A Virgin Media O2 spokesperson said: “As the demand for data continues to grow, we’re going gangbusters for gigabit to bring future-proof services to more homes and businesses – delivering these speeds across our entire broadband network by the year end. With this major investment providing greater value and speeds almost 15 times faster than the national average, we welcome any thinking that is aimed at increasing awareness and the understanding of this next-generation connectivity.”
“It is concerning to hear that the Government gigabit broadband target could be missed due to a lack of awareness amongst consumers and small businesses,” stated Phil Sorsky, Senior Vice President International at CommScope . “We collectively depend on speedy and reliable broadband as a key part of our everyday lives and we should all strive for the best possible service as technologies in this space continue to develop.”
“Broadband connectivity plays a key role as an enabler of economic growth and prosperity across communities and can ultimately be the difference between success and failure, particularly for smaller businesses looking to reach global audiences. The lines between ‘home’ and ‘office’ have also become increasingly blurred due to the rise of remote working, while the number of connected devices in our homes has grown significantly in recent years.”

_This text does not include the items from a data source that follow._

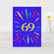 Um cartão de aniversário explosivo de 69 anos! Que maneira maravilhosa de enviar cartões de aniversários. O número 69 em amarelo brilhante com uma explosão de cores brilhantes e estrelas.
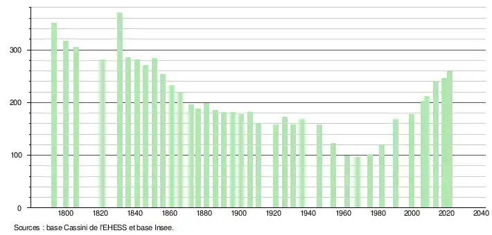 L'évolution du nombre d'habitants est connue à travers les recensements de la population effectués dans la commune depuis 1793. Pour les communes de moins de 10 000 habitants, une enquête de recensement portant sur toute la population est réalisée tous les cinq ans, les populations légales des années intermédiaires étant quant à elles estimées par interpolation ou extrapolation[31]. Pour la commune, le premier recensement exhaustif entrant dans le cadre du nouveau dispositif a été réalisé en 2008[32].
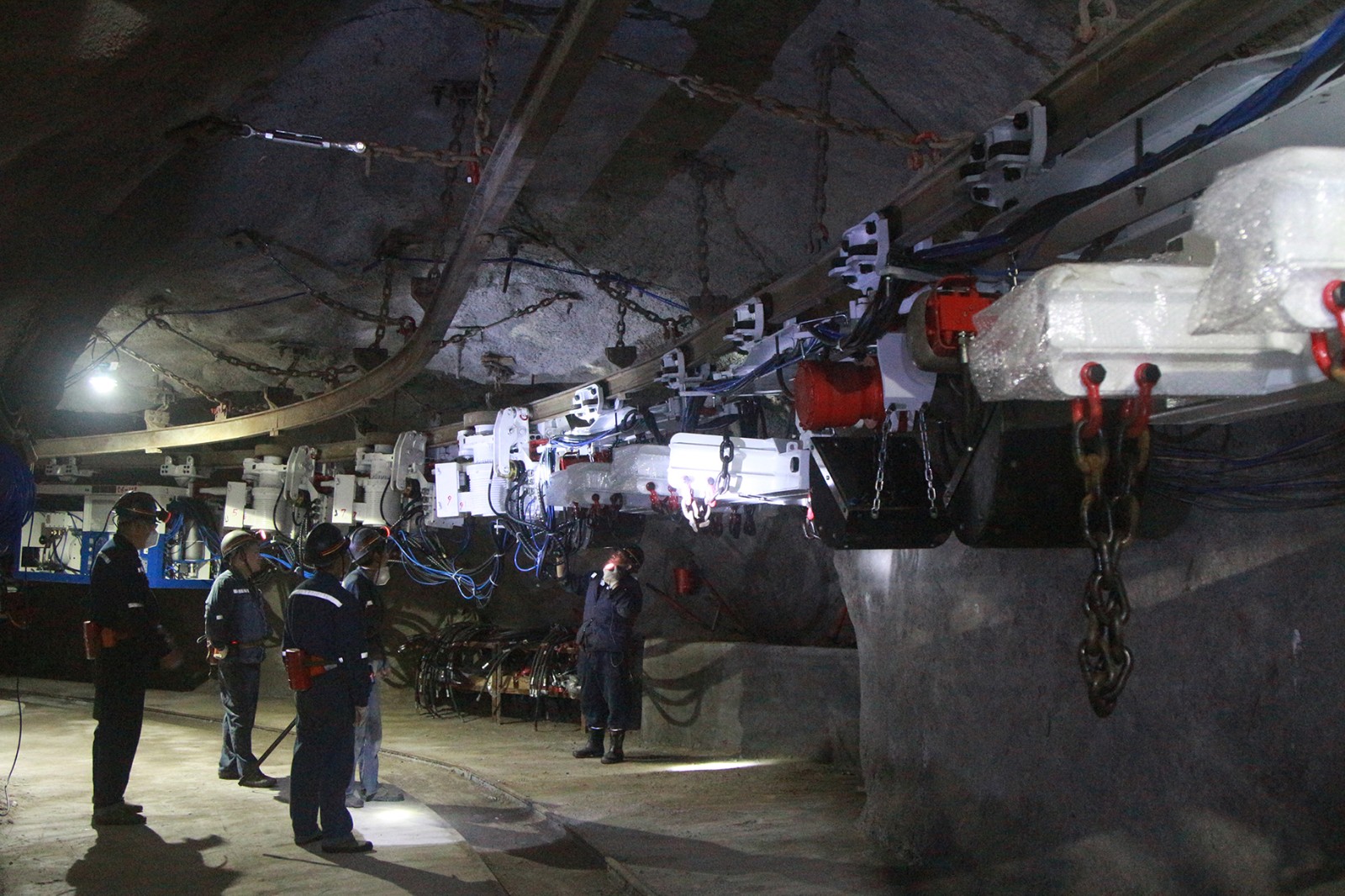 前期,嘉陽(yáng)煤礦組織多個(gè)科室進(jìn)行了機(jī)車預(yù)驗(yàn)收,實(shí)施了靜態(tài)和動(dòng)態(tài)檢查與測(cè)試,掘進(jìn)三隊(duì)在廠方技術(shù)人員的指導(dǎo)下進(jìn)行了一系列整改和機(jī)車試運(yùn)行,側(cè)重在31242材料道完成了機(jī)車組裝,并通過(guò)了25度龍坡提升能力驗(yàn)收,確保機(jī)車薄煤層巷道運(yùn)輸環(huán)境匹配。根據(jù)技術(shù)協(xié)議,該機(jī)車于5月10日至13日在33采區(qū)完成了重新組裝,形成了兩套獨(dú)立的列車運(yùn)行系統(tǒng),驗(yàn)收組再次全面檢查各項(xiàng)運(yùn)行指標(biāo)和廠方合同履約到位情況,最終認(rèn)定驗(yàn)收合格。

“Business owners and consumers alike have a vested interest in securing access to the best standards of connectivity and there’s a huge opportunity to exploit the benefits that gigabit broadband can offer. As we continue to upgrade our networks, it is imperative that communities understand the benefits of fast connectivity and eventually secure access to the appropriate standard of broadband that will enrich their lives in the years ahead.